Data Science (DS) represents a relatively new, emerging field of science (Cao, 2017; Pohl et al., 2018). In summary, this discipline aims to extract knowledge and value from data using structured methods and techniques (I. Martinez et al., 2021; L. S. Martinez, 2017). The knowledge can be desirable in companies and other organizations to achieve improvements in performance. In order to profit from the promising advantages of DS as an organization, associated projects require successful completion. Therefore, process models for the project management are needed to conduct goal-oriented DS and provide further support in execution (Saltz & Shamshurin, 2015).

Up to 80 percent of data-intensive projects are not completed or do not meet the set goals, which emphasizes the need of a supporting project structure (Kelly & Kaskade, 2013; VentureBeat, 2019). A wide range of process models were developed from different application directions after the appearance of the first approaches (e.g., KDD, CRISP-DM). Handling data requires a high level of attention in such projects and is always a challenge (Chapman et al., 2000; Fayyad et al., 1996b; Saltz et al., 2017). This chapter is intended to provide an overview of DS process models that have emerged and to highlight project-specific features, such as activities, roles, and documents, without addressing specific elements of project management. The so-called process models are widely considered as methodologies and could be led to a reference model in future. The designation as a process model or framework is used equivalently in the presentations at hand. The common structure of the process models can certainly be termed methodology.

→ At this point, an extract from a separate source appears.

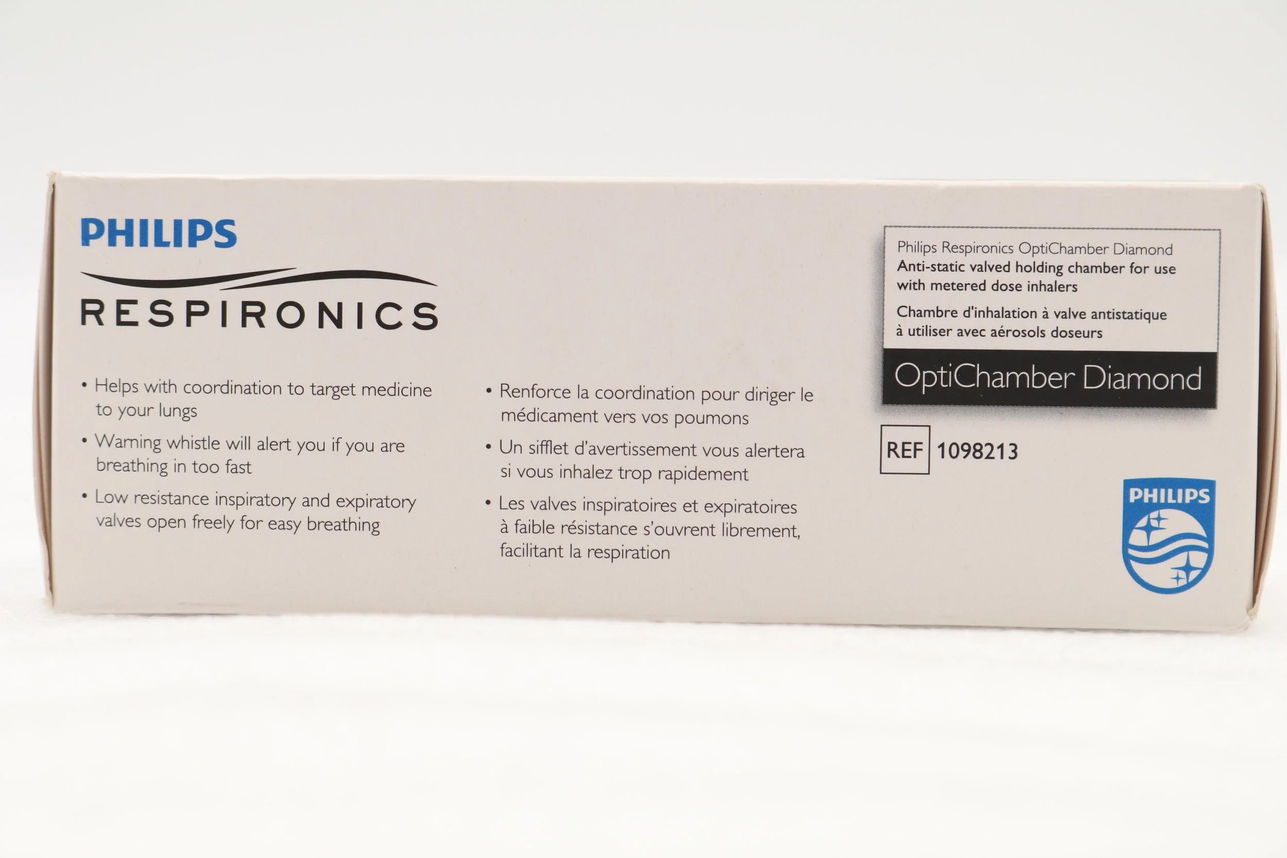 Philips | 1098213 | Respironics OptiChamber Diamond VHC MDI Inhaler Spacer Anti-static Valved Holding Chamber

Other concepts have been established in the context of DS. In the last decade, Big Data has become a ubiquitous term. In the meantime, it is no longer exclusively mentioned in information technology, but can also be found in other fields such as sociology, medicine, biology, management and economics (de Mauro et al., 2016). Big Data is described as fast-growing data volumes that are too large for classic data processing systems and therefore require new technologies (Provost & Fawcett, 2013). The National Institute of Standard Technology even relates the term directly to DS (NIST Big Data Public Working Group, 2019).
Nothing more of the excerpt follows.